**Problem description:** Beneath this instruction is a listing. Transcribe from it only the stretch from the line with "初冬のこの季節多くの花が枯れ" through the line with "Несмотря на то", both end lines included, exactly as written.

**Supplied material:**
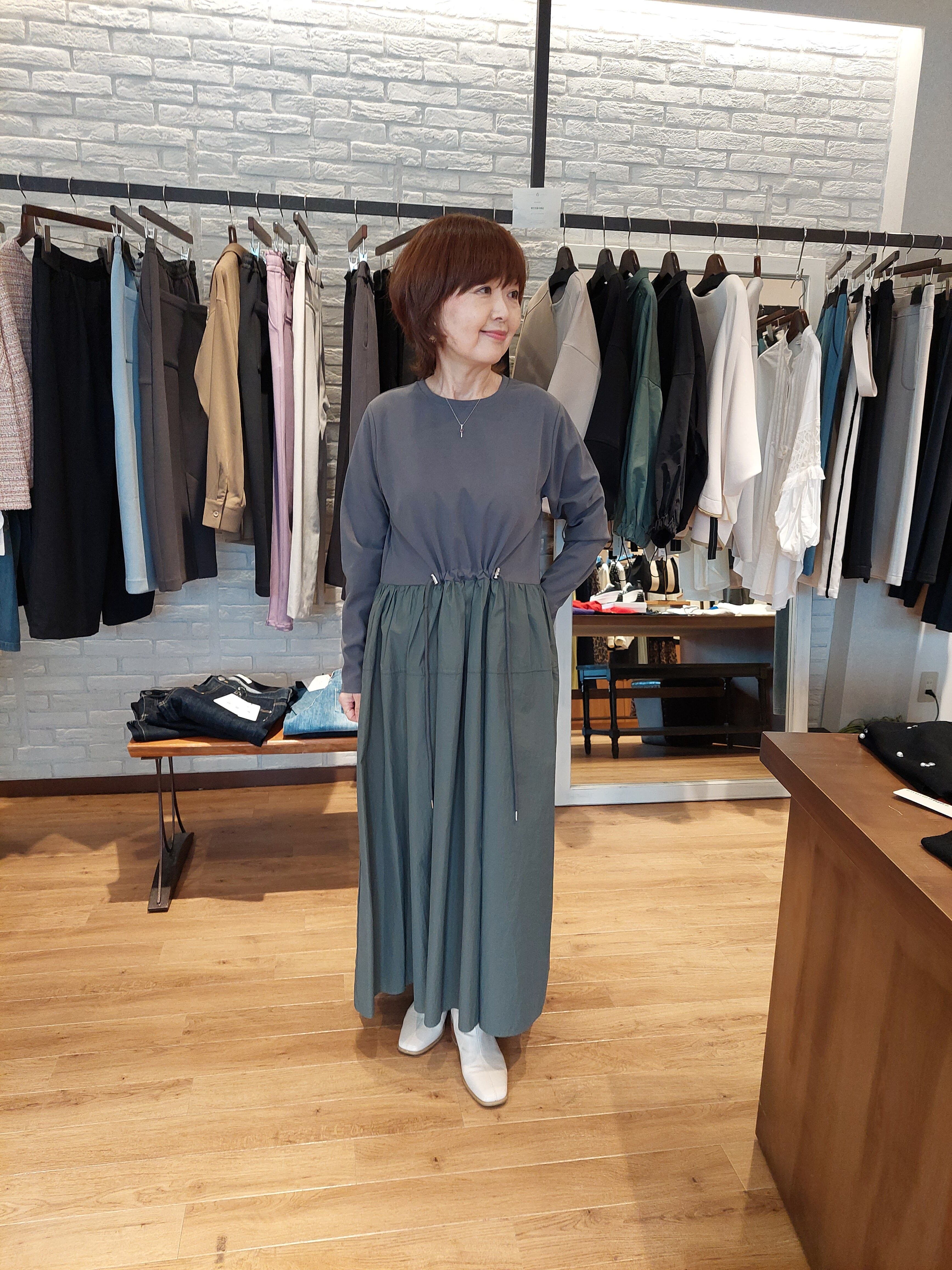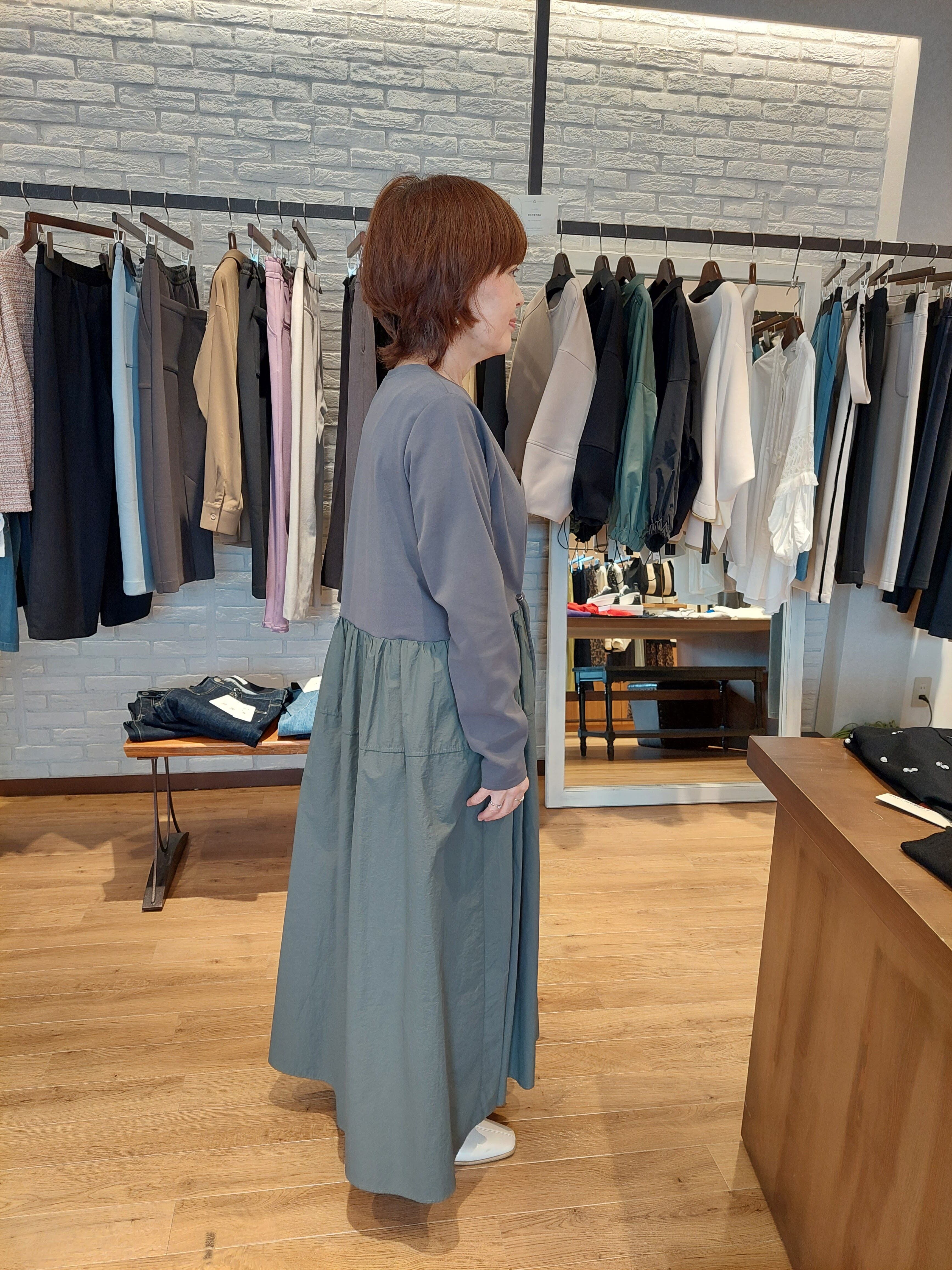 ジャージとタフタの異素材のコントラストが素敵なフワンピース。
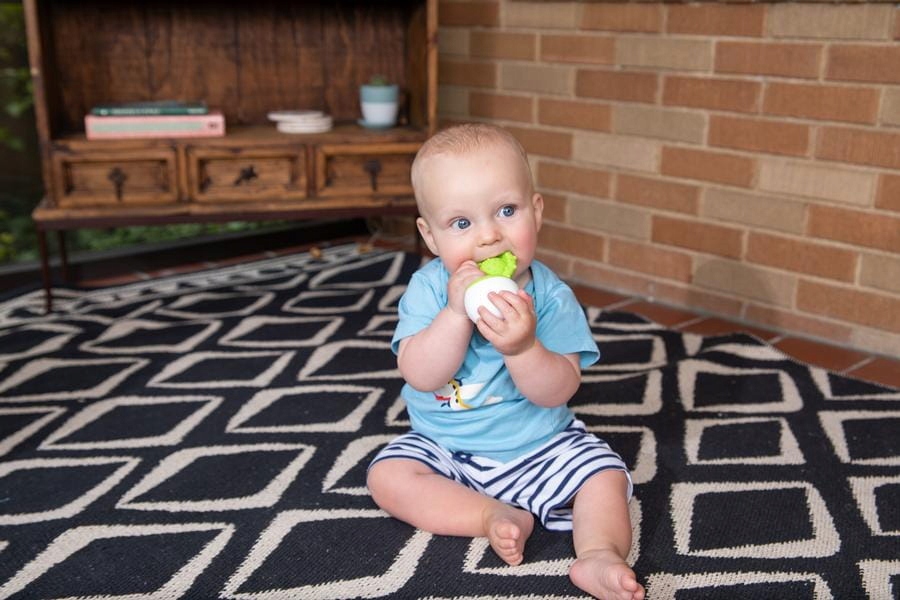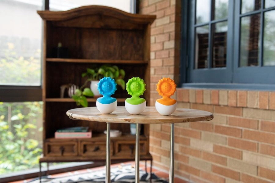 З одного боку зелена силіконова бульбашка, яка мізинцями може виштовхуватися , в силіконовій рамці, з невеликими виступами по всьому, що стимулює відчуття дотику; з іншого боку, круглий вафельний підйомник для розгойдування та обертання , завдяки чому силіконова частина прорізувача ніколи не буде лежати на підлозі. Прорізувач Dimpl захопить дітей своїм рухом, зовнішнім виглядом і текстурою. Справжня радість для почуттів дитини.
* * *
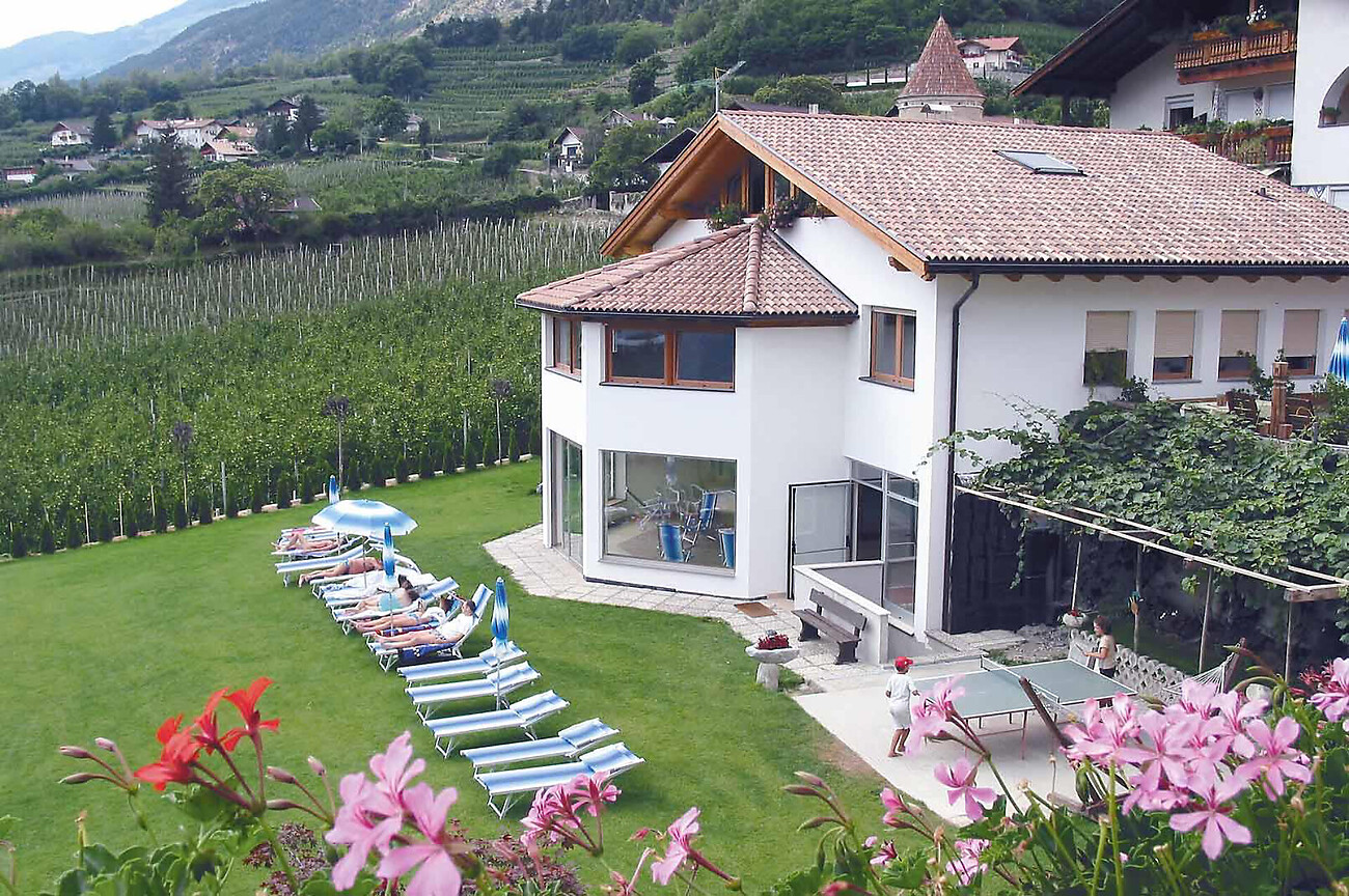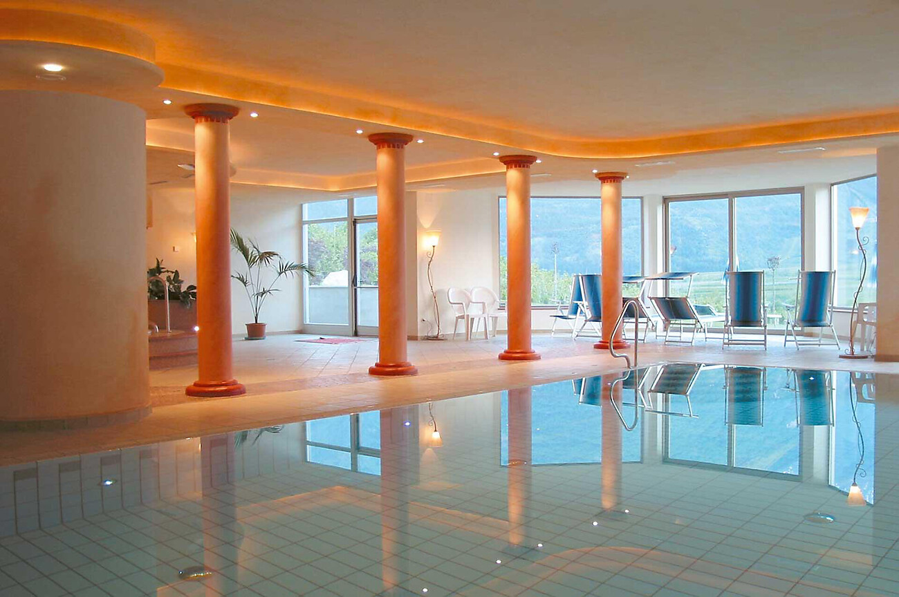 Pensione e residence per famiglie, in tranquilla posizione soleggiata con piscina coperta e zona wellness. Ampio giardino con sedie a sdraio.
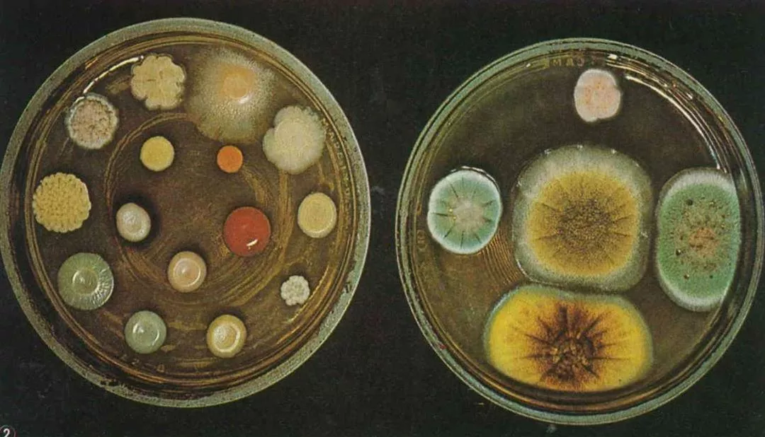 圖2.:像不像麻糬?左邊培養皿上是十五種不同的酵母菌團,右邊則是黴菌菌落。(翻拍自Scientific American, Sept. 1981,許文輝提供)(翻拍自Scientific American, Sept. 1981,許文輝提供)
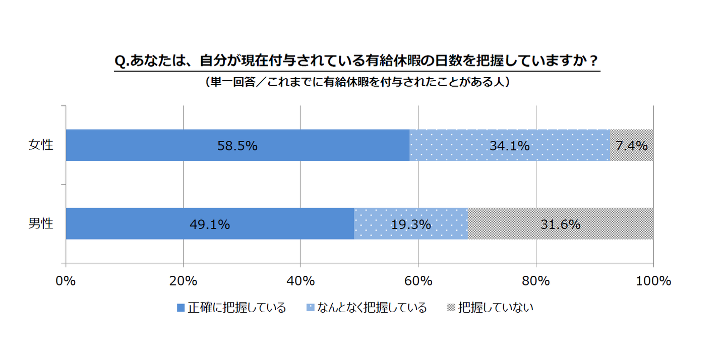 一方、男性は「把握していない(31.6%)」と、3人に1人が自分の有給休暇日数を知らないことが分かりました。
...
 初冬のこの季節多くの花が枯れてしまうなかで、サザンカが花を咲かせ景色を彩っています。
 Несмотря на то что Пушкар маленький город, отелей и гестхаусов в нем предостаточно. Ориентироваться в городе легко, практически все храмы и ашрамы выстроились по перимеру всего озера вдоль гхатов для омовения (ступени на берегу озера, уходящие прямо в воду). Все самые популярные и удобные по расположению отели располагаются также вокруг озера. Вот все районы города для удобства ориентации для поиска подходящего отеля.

**Answer for the task:**
 初冬のこの季節多くの花が枯れてしまうなかで、サザンカが花を咲かせ景色を彩っています。
 Несмотря на то что Пушкар маленький город, отелей и гестхаусов в нем предостаточно. Ориентироваться в городе легко, практически все храмы и ашрамы выстроились по перимеру всего озера вдоль гхатов для омовения (ступени на берегу озера, уходящие прямо в воду). Все самые популярные и удобные по расположению отели располагаются также вокруг озера. Вот все районы города для удобства ориентации для поиска подходящего отеля.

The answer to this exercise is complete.